After a life of self-denial and discipline, I have made a grave error. Oh God! Let my secret never be known. I have let myself be tempted, let my passion overwhelm my senses… true, I have always been given to allowing my emotions too much sway over my actions, but never have I done anything such as this! But then, never have I felt this way for anyone…. Many women are beautiful; I have met many such women, but though I may have been taken by there beauty, they had no special power over me. But Hester is something apart from the others; she is… indescribable. Whenever she draws near, I am suddenly refreshed, as if the mere sight of her is medicine to any afflictions I possess, and when she speaks, I cannot help but be fascinated with every word she utters. Her manner, her presence, or whatever it may be is wonderful to behold. No! This accursed infatuation is what has brought me to fall anew; I am like Adam, betrayed by the grace of woman to join in a sin so grave as to mar my very soul. I, who should be a model for my parish, am the worst among them! How can I serve them as their light, when I have fallen so far into darkness?

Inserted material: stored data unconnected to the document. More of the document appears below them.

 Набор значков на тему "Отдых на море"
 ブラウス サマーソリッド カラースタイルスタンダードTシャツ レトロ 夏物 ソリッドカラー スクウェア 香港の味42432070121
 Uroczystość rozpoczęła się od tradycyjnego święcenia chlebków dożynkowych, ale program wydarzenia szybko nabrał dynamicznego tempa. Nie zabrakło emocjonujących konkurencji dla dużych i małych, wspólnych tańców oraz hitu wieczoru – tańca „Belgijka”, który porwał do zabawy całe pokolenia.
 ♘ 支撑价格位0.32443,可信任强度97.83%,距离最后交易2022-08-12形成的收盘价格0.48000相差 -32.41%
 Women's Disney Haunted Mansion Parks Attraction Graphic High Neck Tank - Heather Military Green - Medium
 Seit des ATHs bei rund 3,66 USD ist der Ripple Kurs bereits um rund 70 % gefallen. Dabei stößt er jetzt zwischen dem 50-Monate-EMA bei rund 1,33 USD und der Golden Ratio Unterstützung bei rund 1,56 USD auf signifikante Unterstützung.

And yet, horrid as it seems, I cannot bring myself to despise her, nor to reject what I have done. My wretched passion has not lessened; I even feel that I may love her more now than before. Though I scorn the thought of what I have done, at the same time I cannot suppress a feeling of sheer, unfettered joy at the remembrance of that night. At the same time, my guilt greatens all the more, for to allow these unholy desires is to reprise my deed; as Matthew said, to hold such passion in one’s heart is to act on it. At least I can comfort myself with one thought: Though I shall be tormented by my sin, at least no one else shall know of it. This small consolation may assuage at least some small portion of my guilt.

II.

It has been discovered. The deed that has tormented me, does still; its weight upon my breast is

sometimes palpable, and at times such as these, I find that my hand has unconsciously begun to clutch painfully upon my chest, as if to tear out my impure heart, and reveal my deception, on which is surely written my foul deed. But I have kept my secret, though it pains me more than words can tell. Until today, when Hester was revealed for an adulteress. For nigh on three months now, she has kept our secret, and we have not spoken since that night. Now, though, the truth can no longer be hidden. For in her grows a child, the product of our affair. Though her husband has not been seen for several years, she is nonetheless his wife; and so the child proves her unfaithfulness. God has designed to punish us, not only in Hell, but on Earth, for our crime; how else could a child result from our singular act?!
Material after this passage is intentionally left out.